Clinical and radiological distinction between spondylothoracic dysostosis (Lavy-Moseley syndrome) and spondylocostal dysostosis (Jarcho-Levin syndrome).

机构信息

Department of Radiology, Columbia University College of Physicians and Surgeons, Morgan Stanley Children's Hospital of New York-Presbyterian, New York, NY, USA.

出版信息

Pediatr Radiol. 2011 Mar;41(3):384-8. doi: 10.1007/s00247-010-1928-8. Epub 2010 Dec 22.
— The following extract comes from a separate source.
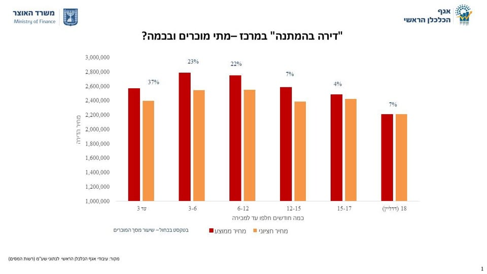 ניתוח מקצועי לגרף שפרסמה גלית בן נאים מאגף הכלכלן הראשי על רוכשי “דירה בהמתנה” באזור המרכז. המאמר מסביר מדוע מכירה מהירה מדי עלולה לגרום להנחה, מדוע חלון 3 עד 12 חודשים נראה כחלון המכירה האופטימלי, ומדוע גרירת רגליים עד הדד־ליין המיסויי עלולה להוביל לפגיעה חדה במחיר. כולל הבחנה בין מחיר ממוצע למחיר חציוני, טבלת הפסדים באחוזים, והסתייגות מקצועית חשובה: הגרף מציג קשר מובהק בין זמן המכירה למחיר, אך אינו מוכיח סיבתיות מלאה ללא נטרול מאפייני הנכס והמוכר.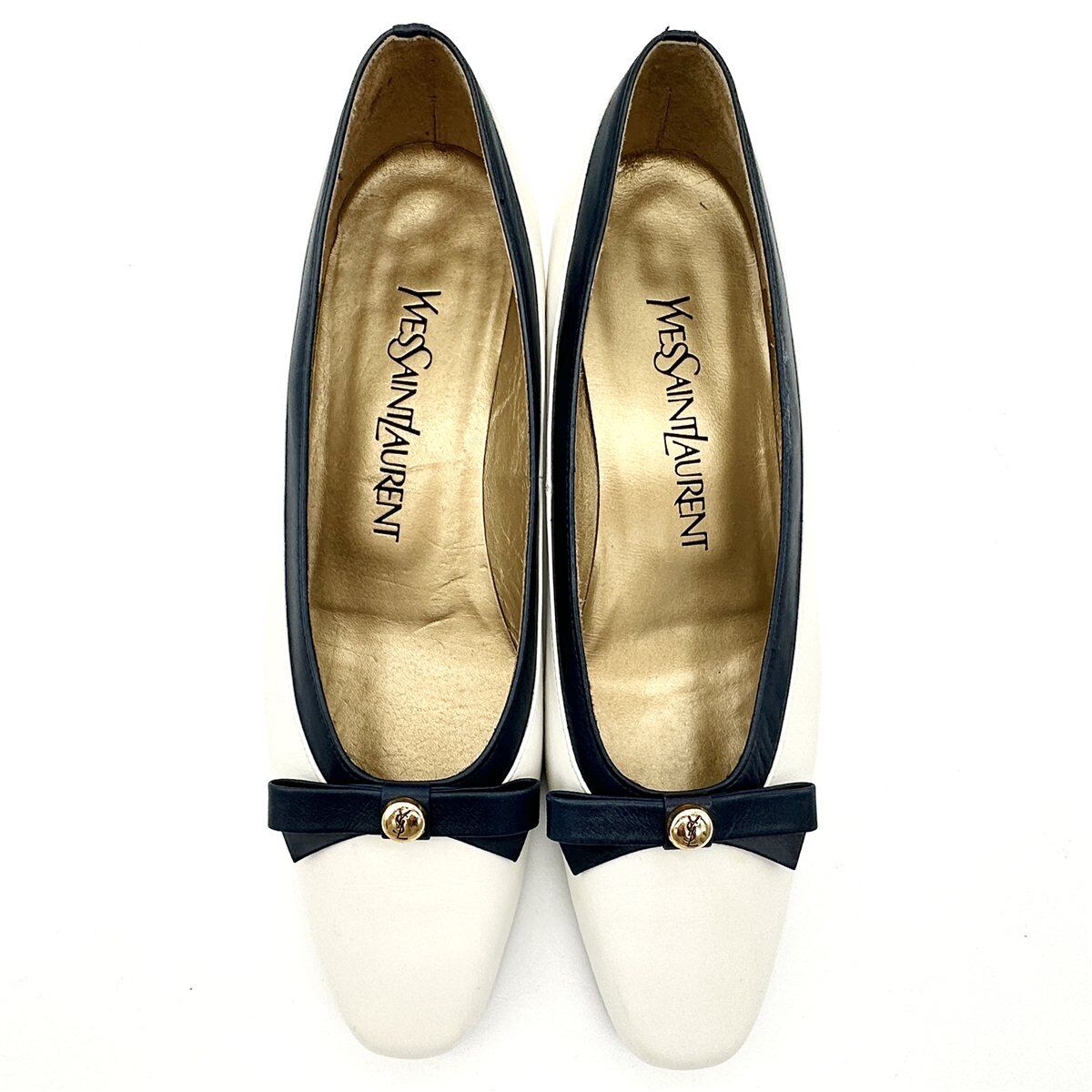■新品級■ YVES SAINT LAURENT パンプス 本革 バイカラー リボン ゴールドロゴ ホワイト 2215T

DOI:10.1007/s00247-010-1928-8
PMID:21174082
Abstract

In 1938, Saul Jarcho and Paul Levin from Johns Hopkins Hospital reported cases of thoracic insufficiency due to vertebral and rib anomalies. Nearly 30 years later, in 1966, Norman Lavy and associates from Indiana University reported a similar syndrome in a family from Puerto Rico. Lavy's description was followed by a report by John E. Moseley from New York City, where the name spondylothoracic dysplasia (dysostosis) was first used. For more than half a century, there has been confusion regarding the distinction between these two phenotypically similar syndromes that cause thoracic insufficiency. Spondylocostal dysostosis (SCD), or Jarcho-Levin syndrome, causes mild to moderate respiratory insufficiency, is panethnic and has been linked to genes such as DLL3, which is known to be associated with the Notch pathway. In contrast, spondylothoracic dysostosis (STD), or Lavy-Moseley syndrome, results in more severe respiratory compromise, is largely linked to Puerto Rican cohorts and is thought to be associated to the MESP2 gene, also a Notch pathway gene. Long-term studies of Puerto Rican cohorts with STD contradicts the previously held belief that individuals affected with STD have markedly diminished life expectancy with as many as 25% surviving into later childhood and adult life.

摘要

1938 年,约翰霍普金斯医院的 Saul Jarcho 和 Paul Levin 报道了因椎体和肋骨异常导致的胸廓发育不全病例。将近 30 年后,即 1966 年,印第安纳大学的 Norman Lavy 及其同事报道了来自波多黎各的一个家族中存在类似的综合征。在 Lavy 的描述之后,来自纽约市的 John E. Moseley 报告了一例病例,首次使用了脊柱胸段发育不良(发育不良)这一名称。在半个多世纪的时间里,对于导致胸廓发育不全的这两种表型相似的综合征之间的区别一直存在混淆。脊柱肋发育不良(SCD)或 Jarcho-Levin 综合征引起轻度至中度呼吸功能不全,为泛种族疾病,与 DLL3 等基因有关,已知 DLL3 与 Notch 途径有关。相比之下,脊柱胸段发育不良(STD)或 Lavy-Moseley 综合征导致更严重的呼吸功能障碍,主要与波多黎各人群相关,被认为与 MESP2 基因有关,该基因也是 Notch 途径基因。对 STD 患者的波多黎各人群进行的长期研究反驳了先前的观点,即患有 STD 的个体的预期寿命明显缩短,多达 25%的患者能存活至儿童后期和成年期。